| WHAT THE TASK ASKS |
Keep the pictures out. Copy every line of the listing exactly.

| COLLECTED DATA |
⁂

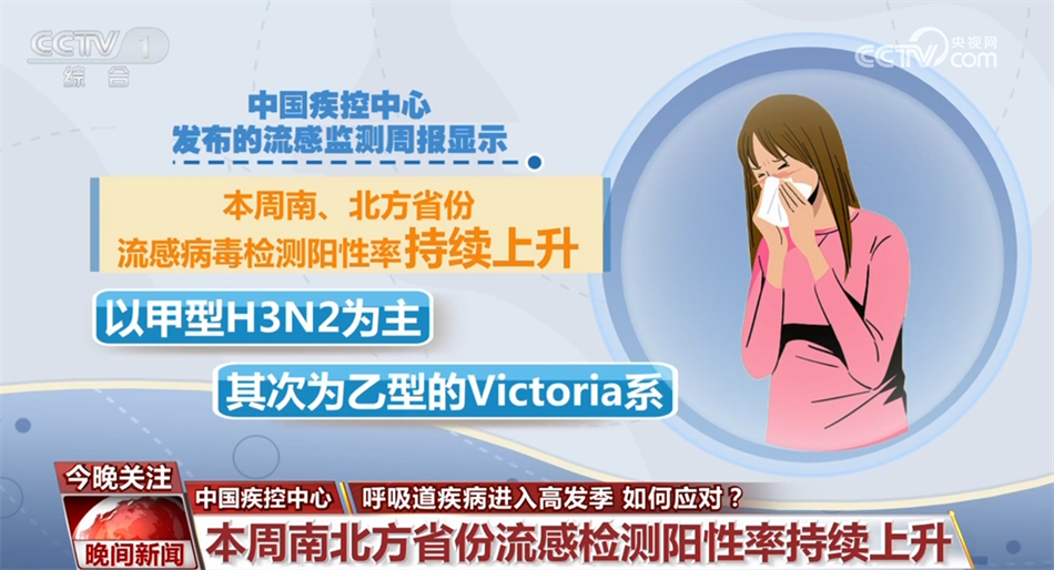 中国疾控中心发布的流感监测周报显示,本周南、北方省份流感病毒检测阳性率持续上升,以甲型H3N2为主,其次为乙型的Victoria系。
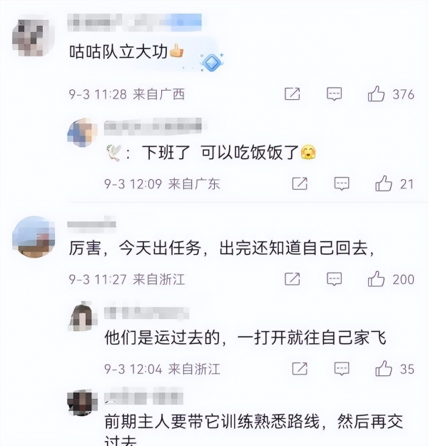 在社交媒体上,关于救助和平鸽的话题迅速走热,许多网友分享了自己的偶遇故事。一位网名"北京小菠萝"的用户评论道:"咕咕队这次真的是立大功了,而这样的经历足以让咕咕们吹上一辈子了。毕竟有的人就算想去参加阅兵,也没有这个机会。"
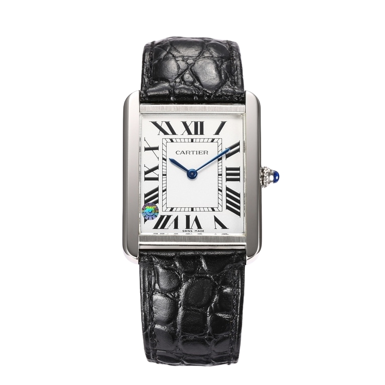 Cartier Tank 33.7mm x 25.5mm White Dial Steel Bezel Black Leather Strap WSTA0042 Woman Ladies

⁂

| RESULT OF THE EXERCISE |
 中国疾控中心发布的流感监测周报显示,本周南、北方省份流感病毒检测阳性率持续上升,以甲型H3N2为主,其次为乙型的Victoria系。
 在社交媒体上,关于救助和平鸽的话题迅速走热,许多网友分享了自己的偶遇故事。一位网名"北京小菠萝"的用户评论道:"咕咕队这次真的是立大功了,而这样的经历足以让咕咕们吹上一辈子了。毕竟有的人就算想去参加阅兵,也没有这个机会。"
 Cartier Tank 33.7mm x 25.5mm White Dial Steel Bezel Black Leather Strap WSTA0042 Woman Ladies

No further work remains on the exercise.